BEGIN
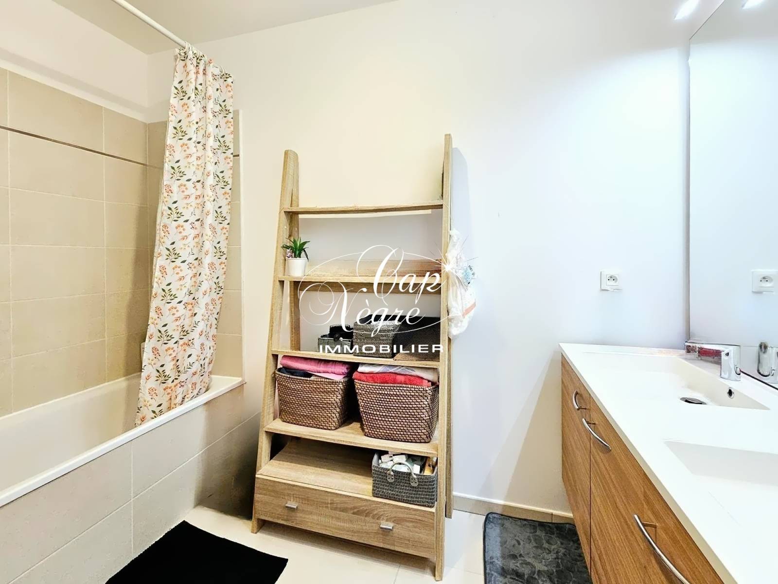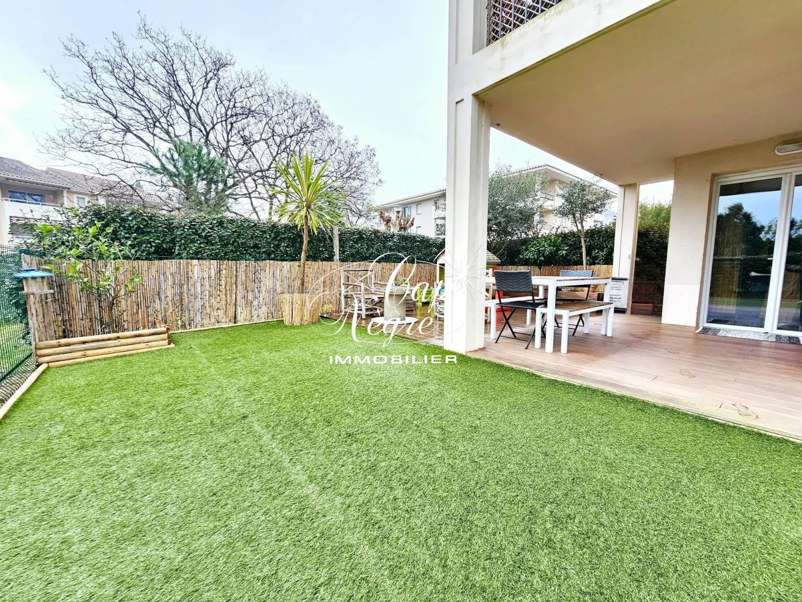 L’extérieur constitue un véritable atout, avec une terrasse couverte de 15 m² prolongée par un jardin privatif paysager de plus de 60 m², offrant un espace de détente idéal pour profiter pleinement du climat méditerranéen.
END
BEGIN
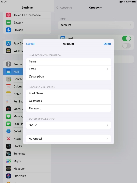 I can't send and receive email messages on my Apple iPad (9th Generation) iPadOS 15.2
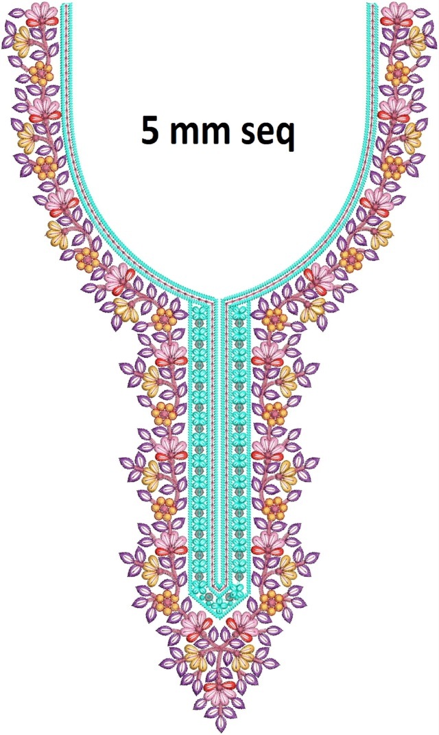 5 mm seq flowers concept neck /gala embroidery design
END
* Your goal *
Taking the entries above, copy word for word the lines from the one with "I can't send" up to and including the one with "5 mm seq flowers", without any picture.

* Exercise solution *
 I can't send and receive email messages on my Apple iPad (9th Generation) iPadOS 15.2
 5 mm seq flowers concept neck /gala embroidery design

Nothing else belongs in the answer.